Reputation: 111
When i am running valgrind by adding a leakage to my code,I am getting leakage as still reachable for first allocation of block and then showing as definitely lost for 9 blocks.Possibly lost is showing due to other portion of the code. Why is this so ?
main()
{
........
char *ptr;
For(i=0;i<10;i++)
{
ptr=malloc(sizeof * ptr);
}
.....
}
Report:
HEAP SUMMARY:
==13832== in use at exit: 202,328 bytes in 62 blocks
==13832== total heap usage: 332 allocs, 270 frees, 283,928 bytes allocated
==13832==
==13832== LEAK SUMMARY:
==13832== definitely lost: 90 bytes in 9 blocks
==13832== indirectly lost: 0 bytes in 0 blocks
==13832== possibly lost: 202,180 bytes in 49 blocks
==13832== still reachable: 58 bytes in 4 blocks
==13832== suppressed: 0 bytes in 0 blocks
==13832== Rerun with --leak-check=full to see details of leaked memory
Upvotes: 0
Views: 600
Reputation: 6906
Adding to Florian's answer, here are a few examples of where you would have interior pointers
Upvotes: 1
Reputation: 33719
The memcheck
manual says this:
- "Possibly lost". […] This means that a chain of one or more pointers to the block has been found, but at least one of the pointers is an interior-pointer.
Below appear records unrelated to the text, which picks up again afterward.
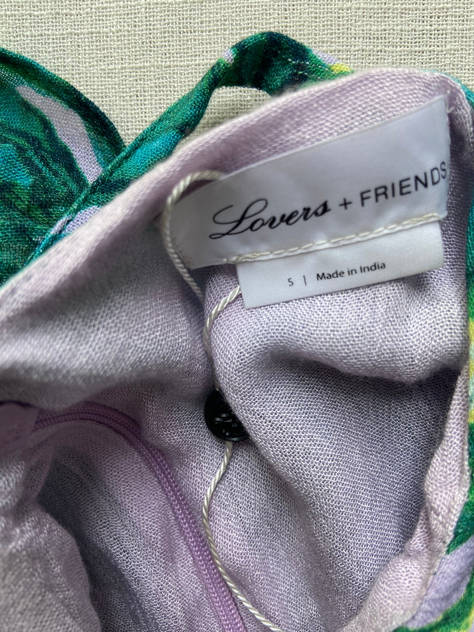 This green floral mini dress from Lovers + Friends features a flattering A-line flared silhouette crafted from a breathable cotton viscose blend. Designed with a stylish cut-out and backless pattern, along with delicate straps, it offers a fresh and airy look. Available in size small, this dress is perfect for warm-weather occasions and pairs beautifully with sandals or wedges for an effortlessly chic ensemble.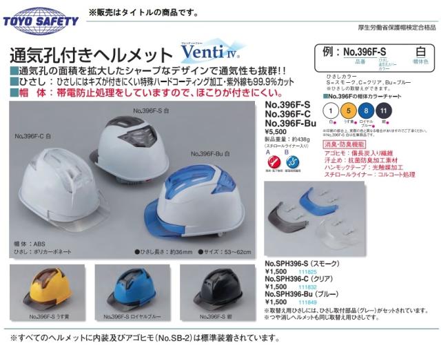 トーヨー No.396F-S Venti IV 通気孔付きヘルメット 紺 ヒサシ:スモーク ヴェンティー IV TOYO 111818 ’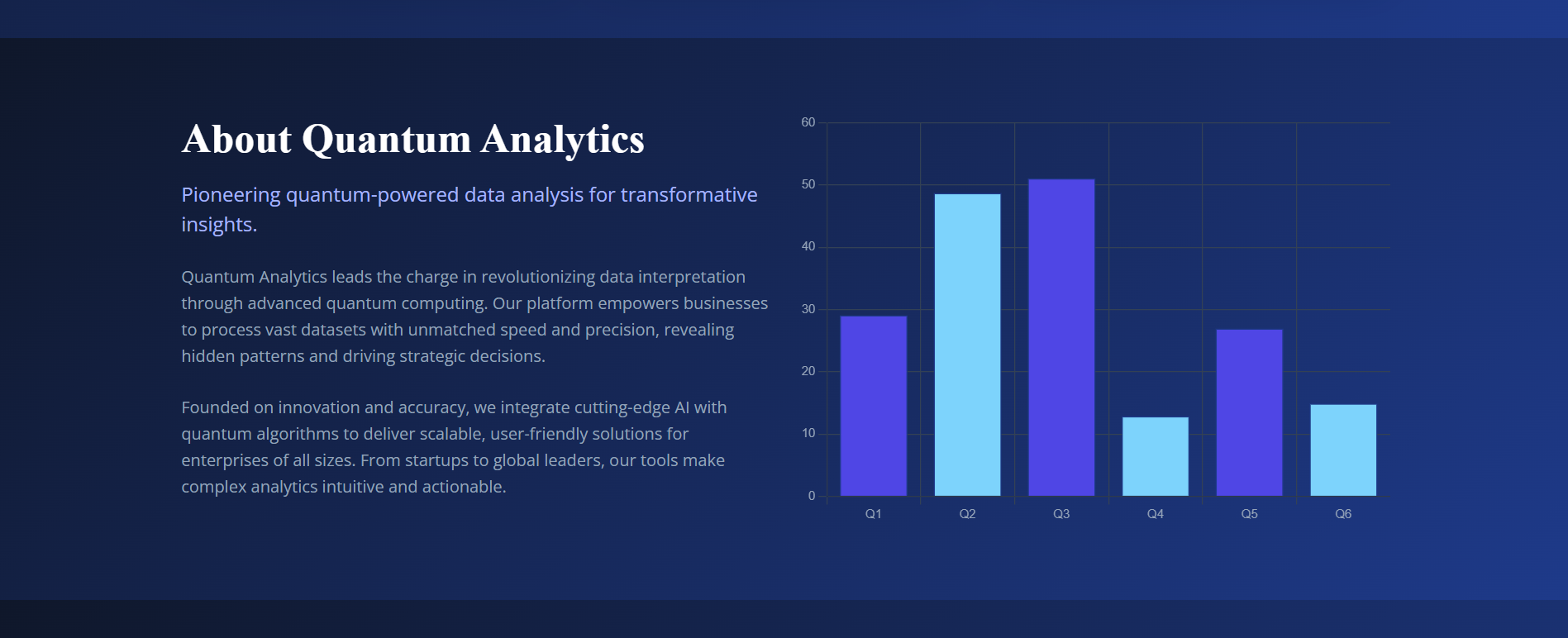 With Quark Insights, you gain a powerful foundation to create a professional, adaptable, and captivating website that reflects the precision of data analytics. Engage your audience, showcase your transformative insights, and amplify your online presence with a template built for the future of data.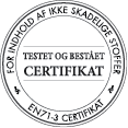 *Testet og bestået certifikat. For indhold af ikke skadelige stoffer. EN71-3 certifikat.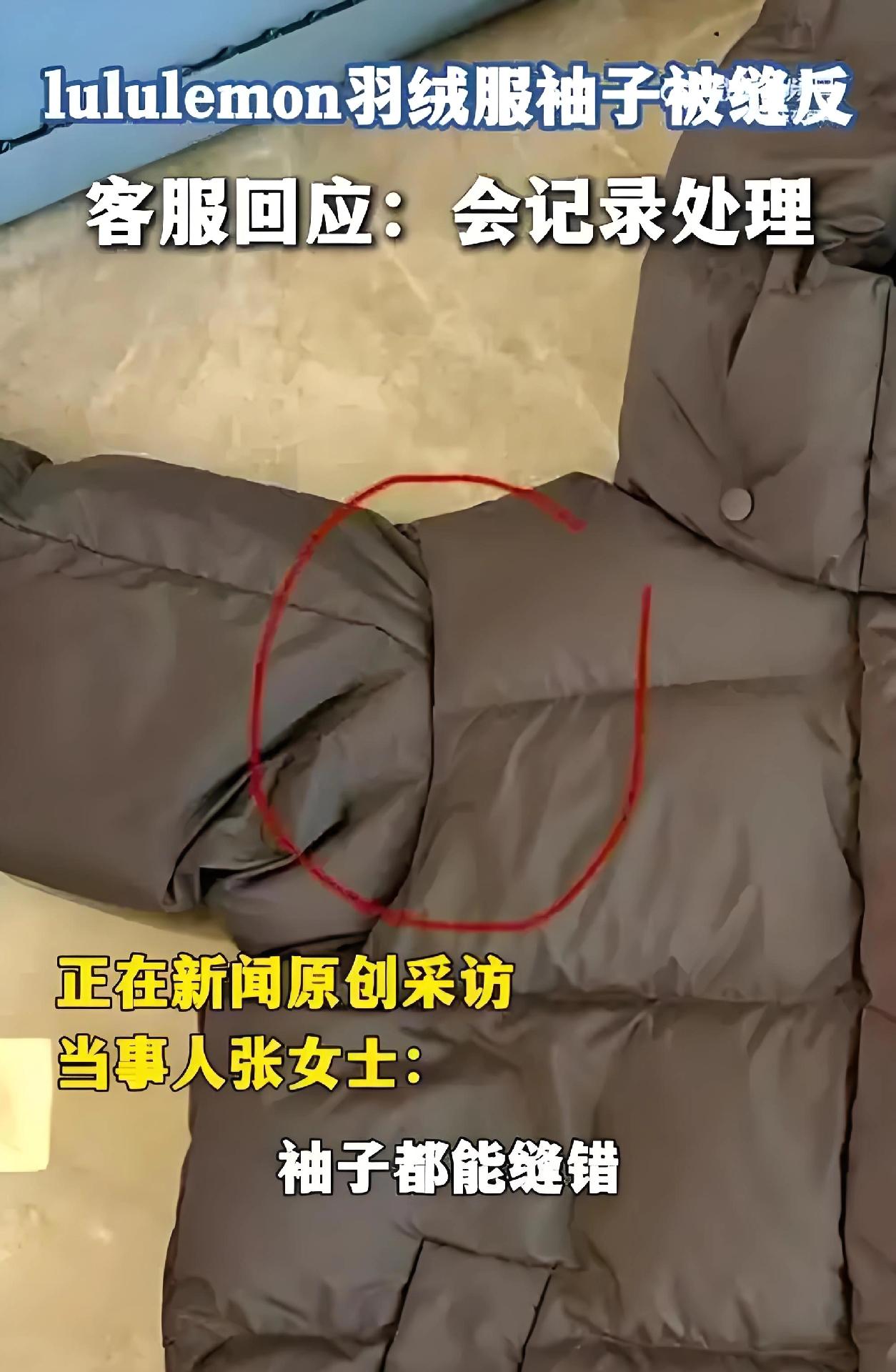 都多少年没逛街了,都不认识现在的品牌了! 12月9日,内蒙古呼和浩特的张女士想着买件好点的羽绒服过冬,就在一家叫lululemon的官方旗舰店,花2500多块钱下单了一件羽绒服。 2500块一件羽绒服啊,我这家庭主妇听着都肉疼,感觉这都算是天价了,结果呢,钱没少花,试穿的时候发现,右边的袖子居然是缝反的!这品牌做工也太不靠谱了,真不知道是怎么把关的! 冬季品牌羽绒服 羽绒服品牌

This could just be a random value in memory that happens to point into a block, and so you shouldn't consider this ok unless you know you have interior-pointers.
So this should normally happen only if you have nested data structures on the heap where pointers point into an allocation, at an offset, and not directly at the beginning.